→ **What you need to do**:
Pictures in the material below are to be left out, and only the lines from the line with "도심 주변 山도 보이지않고" up to and including the line with "Zgornja kotna omara" are to be written out exactly.

→ **Source information**:
· · ·

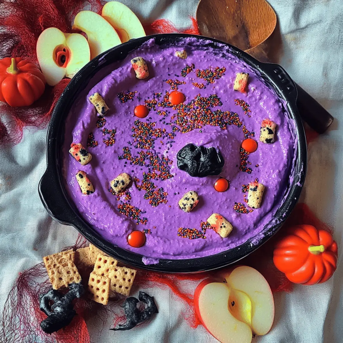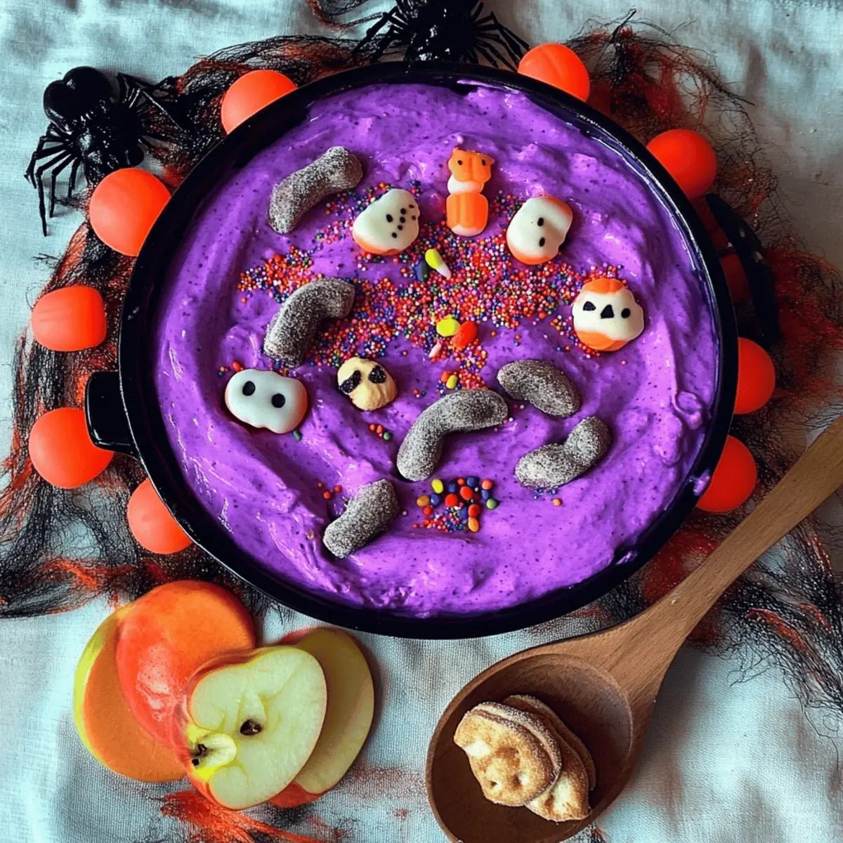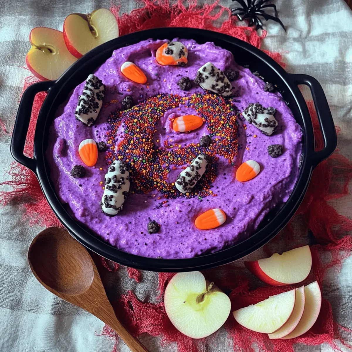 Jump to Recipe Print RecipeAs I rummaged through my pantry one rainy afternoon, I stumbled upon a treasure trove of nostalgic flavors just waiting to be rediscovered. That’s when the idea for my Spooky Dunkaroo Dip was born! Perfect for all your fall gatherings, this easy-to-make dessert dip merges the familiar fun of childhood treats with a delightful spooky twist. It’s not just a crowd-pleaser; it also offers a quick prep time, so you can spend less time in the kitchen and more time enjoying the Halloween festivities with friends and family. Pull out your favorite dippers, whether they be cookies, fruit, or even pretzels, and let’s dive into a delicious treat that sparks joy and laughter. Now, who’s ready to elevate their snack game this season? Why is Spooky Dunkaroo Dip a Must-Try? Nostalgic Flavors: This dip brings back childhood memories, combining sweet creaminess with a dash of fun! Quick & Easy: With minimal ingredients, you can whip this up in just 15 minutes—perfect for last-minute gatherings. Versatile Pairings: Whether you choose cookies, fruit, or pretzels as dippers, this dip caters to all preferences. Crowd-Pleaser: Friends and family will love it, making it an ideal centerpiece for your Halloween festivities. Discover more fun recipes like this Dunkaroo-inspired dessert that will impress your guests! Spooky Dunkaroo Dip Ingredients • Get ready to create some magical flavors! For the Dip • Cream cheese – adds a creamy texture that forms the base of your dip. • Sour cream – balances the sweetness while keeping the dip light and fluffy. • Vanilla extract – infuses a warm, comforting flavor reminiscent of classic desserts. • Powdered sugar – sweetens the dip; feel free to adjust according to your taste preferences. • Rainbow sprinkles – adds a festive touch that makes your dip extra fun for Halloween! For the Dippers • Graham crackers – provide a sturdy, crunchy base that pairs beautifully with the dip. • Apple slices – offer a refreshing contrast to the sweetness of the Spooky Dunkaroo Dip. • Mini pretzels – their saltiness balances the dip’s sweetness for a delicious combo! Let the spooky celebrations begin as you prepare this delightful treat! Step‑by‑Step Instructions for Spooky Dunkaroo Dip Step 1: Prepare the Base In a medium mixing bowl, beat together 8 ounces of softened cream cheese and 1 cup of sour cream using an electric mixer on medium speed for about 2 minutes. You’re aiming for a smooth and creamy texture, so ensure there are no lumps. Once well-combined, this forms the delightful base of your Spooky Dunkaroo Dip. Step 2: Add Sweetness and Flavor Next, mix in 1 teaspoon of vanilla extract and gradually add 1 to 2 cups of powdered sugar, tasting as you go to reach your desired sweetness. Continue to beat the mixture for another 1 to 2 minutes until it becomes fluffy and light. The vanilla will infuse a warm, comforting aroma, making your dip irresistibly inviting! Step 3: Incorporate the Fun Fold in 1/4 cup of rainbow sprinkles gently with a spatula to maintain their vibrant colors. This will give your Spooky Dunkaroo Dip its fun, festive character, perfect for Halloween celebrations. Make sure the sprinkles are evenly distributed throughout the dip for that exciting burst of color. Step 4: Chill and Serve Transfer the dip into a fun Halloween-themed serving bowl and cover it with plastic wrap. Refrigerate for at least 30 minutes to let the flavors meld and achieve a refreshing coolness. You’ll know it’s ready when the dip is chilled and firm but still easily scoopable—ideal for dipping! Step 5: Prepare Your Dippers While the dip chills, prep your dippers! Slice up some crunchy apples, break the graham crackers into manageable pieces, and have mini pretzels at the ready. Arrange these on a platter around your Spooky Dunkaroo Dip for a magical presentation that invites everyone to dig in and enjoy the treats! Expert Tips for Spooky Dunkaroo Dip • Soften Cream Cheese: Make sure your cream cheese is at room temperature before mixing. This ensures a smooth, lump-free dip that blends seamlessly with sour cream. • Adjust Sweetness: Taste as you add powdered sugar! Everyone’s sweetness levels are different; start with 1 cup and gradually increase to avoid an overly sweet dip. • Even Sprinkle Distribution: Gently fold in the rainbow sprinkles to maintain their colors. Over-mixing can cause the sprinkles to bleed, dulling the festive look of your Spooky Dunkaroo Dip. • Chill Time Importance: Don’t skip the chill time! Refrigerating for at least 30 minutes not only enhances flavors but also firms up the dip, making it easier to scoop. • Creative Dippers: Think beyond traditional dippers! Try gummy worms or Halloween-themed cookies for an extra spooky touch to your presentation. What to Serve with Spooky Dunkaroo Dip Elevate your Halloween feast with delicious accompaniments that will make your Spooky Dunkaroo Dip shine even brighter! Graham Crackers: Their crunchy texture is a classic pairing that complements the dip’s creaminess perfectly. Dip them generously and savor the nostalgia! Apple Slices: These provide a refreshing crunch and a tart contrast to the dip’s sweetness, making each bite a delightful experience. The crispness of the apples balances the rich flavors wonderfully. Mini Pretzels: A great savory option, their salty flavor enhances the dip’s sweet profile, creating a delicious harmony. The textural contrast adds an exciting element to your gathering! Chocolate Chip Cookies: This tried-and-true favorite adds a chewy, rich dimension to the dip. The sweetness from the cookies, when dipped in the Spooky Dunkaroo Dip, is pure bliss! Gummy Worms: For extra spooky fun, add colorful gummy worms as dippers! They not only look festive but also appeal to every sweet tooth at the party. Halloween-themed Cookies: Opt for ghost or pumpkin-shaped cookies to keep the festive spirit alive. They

· · ·

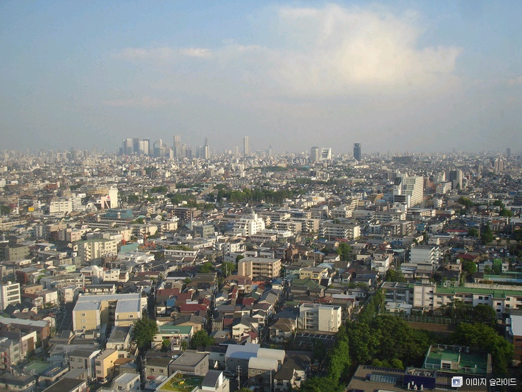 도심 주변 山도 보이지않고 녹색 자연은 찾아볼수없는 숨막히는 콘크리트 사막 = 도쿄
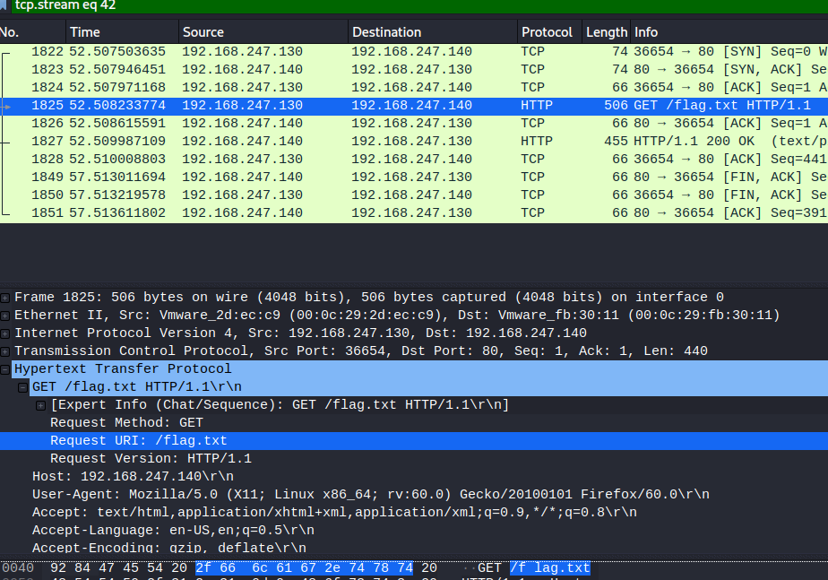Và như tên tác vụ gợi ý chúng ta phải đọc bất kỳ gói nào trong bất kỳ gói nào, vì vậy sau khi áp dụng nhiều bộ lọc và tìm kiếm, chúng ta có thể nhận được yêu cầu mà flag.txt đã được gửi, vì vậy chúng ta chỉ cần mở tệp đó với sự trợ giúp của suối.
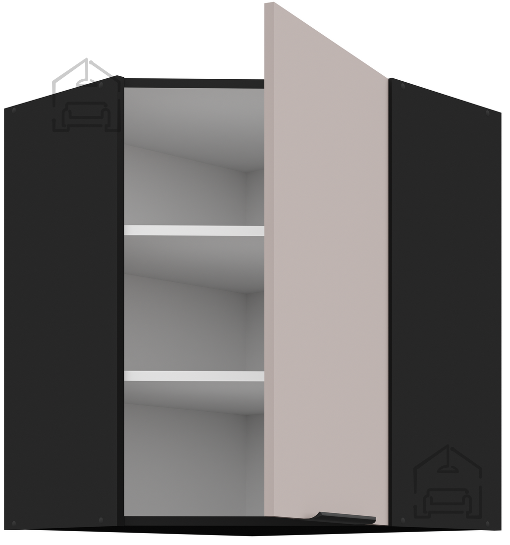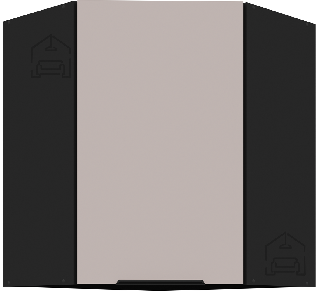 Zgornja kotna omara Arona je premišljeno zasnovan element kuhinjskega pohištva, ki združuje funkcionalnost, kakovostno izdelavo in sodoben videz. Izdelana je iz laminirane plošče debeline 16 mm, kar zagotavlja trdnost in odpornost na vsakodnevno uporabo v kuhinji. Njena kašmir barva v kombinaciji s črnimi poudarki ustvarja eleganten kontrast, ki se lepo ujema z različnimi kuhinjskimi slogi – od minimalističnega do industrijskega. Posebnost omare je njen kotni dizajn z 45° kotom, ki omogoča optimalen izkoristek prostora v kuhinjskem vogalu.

· · ·

→ **Exercise response**:
 도심 주변 山도 보이지않고 녹색 자연은 찾아볼수없는 숨막히는 콘크리트 사막 = 도쿄
Và như tên tác vụ gợi ý chúng ta phải đọc bất kỳ gói nào trong bất kỳ gói nào, vì vậy sau khi áp dụng nhiều bộ lọc và tìm kiếm, chúng ta có thể nhận được yêu cầu mà flag.txt đã được gửi, vì vậy chúng ta chỉ cần mở tệp đó với sự trợ giúp của suối.
 Zgornja kotna omara Arona je premišljeno zasnovan element kuhinjskega pohištva, ki združuje funkcionalnost, kakovostno izdelavo in sodoben videz. Izdelana je iz laminirane plošče debeline 16 mm, kar zagotavlja trdnost in odpornost na vsakodnevno uporabo v kuhinji. Njena kašmir barva v kombinaciji s črnimi poudarki ustvarja eleganten kontrast, ki se lepo ujema z različnimi kuhinjskimi slogi – od minimalističnega do industrijskega. Posebnost omare je njen kotni dizajn z 45° kotom, ki omogoča optimalen izkoristek prostora v kuhinjskem vogalu.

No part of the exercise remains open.